• [Task objective]: Transcribe each line of the material as it is, and drop any picture.

• [Given material]:

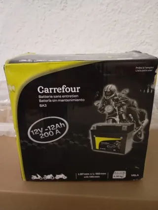 Batería de moto Carrefour sin mantenimiento. - Voltaje: 12V - Capacidad: 12Ah - Corriente de arranque en frío (CCA): 200 A - Dimensiones: 87mm x 150mm x 145mm - Peso: 4.36 kg - Tipo: VRLA
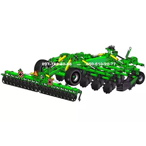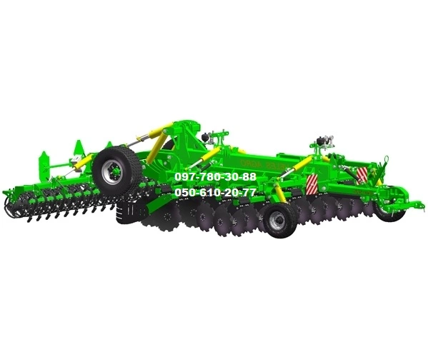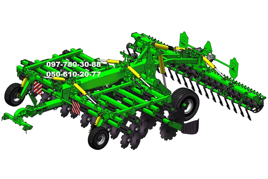 На рабочей стойке закреплены два тандемных необслуживаемых рабочих органа в шахматном порядке, а их разнесение в четыре ряда, способствует свободному перемешиванию почвы, без забивания агрегата, а самоочищающийся каток с вибрирующими пластинами, идеально выравнивает поверхность поля после прохождения дисков.
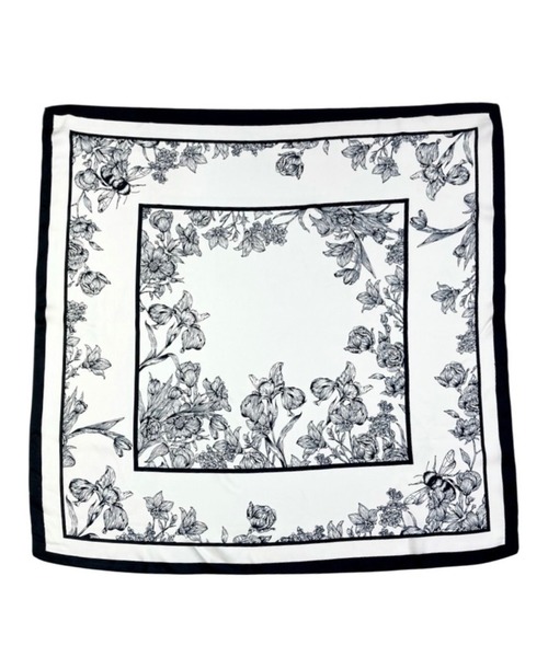 季節感あふれる新作スカーフでコーデをアップデート! 【Design/Styling】 ・秋の装いに季節感と華やかさをプラスしてくれる大判スカーフ。 ・首元に巻いてアクセントにするのはもちろん、ヘアアレンジやバッグに結ぶのもおすすめ◎ ・クラシックな秋スタイルにも映えるアイテムです。 ・柄が異なるレッド、ブラックの2色展開です。 F:縦70cm/横70cm

• [Response to the task]:
 Batería de moto Carrefour sin mantenimiento. - Voltaje: 12V - Capacidad: 12Ah - Corriente de arranque en frío (CCA): 200 A - Dimensiones: 87mm x 150mm x 145mm - Peso: 4.36 kg - Tipo: VRLA
 На рабочей стойке закреплены два тандемных необслуживаемых рабочих органа в шахматном порядке, а их разнесение в четыре ряда, способствует свободному перемешиванию почвы, без забивания агрегата, а самоочищающийся каток с вибрирующими пластинами, идеально выравнивает поверхность поля после прохождения дисков.
 季節感あふれる新作スカーフでコーデをアップデート! 【Design/Styling】 ・秋の装いに季節感と華やかさをプラスしてくれる大判スカーフ。 ・首元に巻いてアクセントにするのはもちろん、ヘアアレンジやバッグに結ぶのもおすすめ◎ ・クラシックな秋スタイルにも映えるアイテムです。 ・柄が異なるレッド、ブラックの2色展開です。 F:縦70cm/横70cm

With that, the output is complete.